Sid waited for him, legs braced apart near the desk. He called him some dirty names, enough so that the young banker began to understand and stopped running. Sid's voice quavered. In that swift-moving moment, I saw him trembling with tension and excitement, wound up and ready to burst. All I could think now was to fill those cloth bags and get out of there before he killed somebody. Robbery was one thing. Murder was another. I had not ever considered it until I realized how much pent-up hate Sid had stored in him.
"This is a stick-up," Sid yelled at the banker. "You people do what you're told and maybe nobody gets hurt."
I motioned the two bank customers to move to the far wall and stand facing it, with their hands high against it, palms flat.
I tossed the cloth sacks at the tellers.
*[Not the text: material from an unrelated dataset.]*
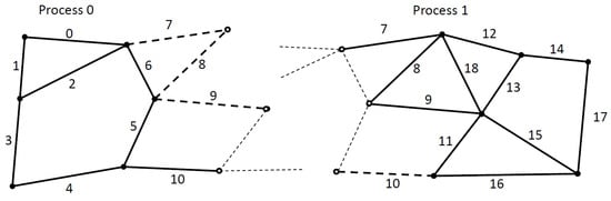 The distributed and parallel execution of unstructured mesh algorithms is a well-established field [42,43,44,45]. For distributed memory execution, the mesh is partitioned using one of many established libraries, such as PT-Scotch or ParMetis [46,47]. It is important to note here that an unstructured mesh is a hypergraph, consisting of multiple “vertex” types, whereas most partitioners only partition a simple graph, and the rest of the hypergraph is usually partitioned in a greedy way through connections to the simple graph. This is then related to how computations are executed, an “owner-compute” approach is commonly utilized, where all computations associated with a given element are performed on the process that owns that element. So, for instance, in the earlier example, the process that owns a given cell will execute all the edges that increment that cell, even if some of those edges are not owned by it. This requires communicating all the data needed to execute those edges as well. This often leads to redundant computations around partition boundaries. Depending on the exact implementation the deterministic order of execution for elements is often relaxed at this point to allow shared memory parallelization and powerful optimizations such as overlapping computations and communications.

Sid tossed his bags at them, too.
He pressed the snout of the gun against Gill's bloodied ear. "You dames start shoveling money into these bags or I'll blow this slob's brains out."
The tellers may not have assessed his threat at full value, but I knew better. I motioned with my gun, signaling them to hurry.
Constable Gill writhed on the floor. Sid caught him by the belt and helped him to his feet, cursing loudly. Gill wobbled unsteadily. Sid kept his fist caught in the man's belt, moving him around in front of him.
The tellers didn't move fast enough for Sid. He slapped the gun against Gill's bleeding head again. "Faster. You people hurry."
The tellers stared at the young banker. He did not hesitate. He nodded. "Do what he says," he told them.
"That's the way to jump when I speak," Sid said. He laughed, a fluting sound.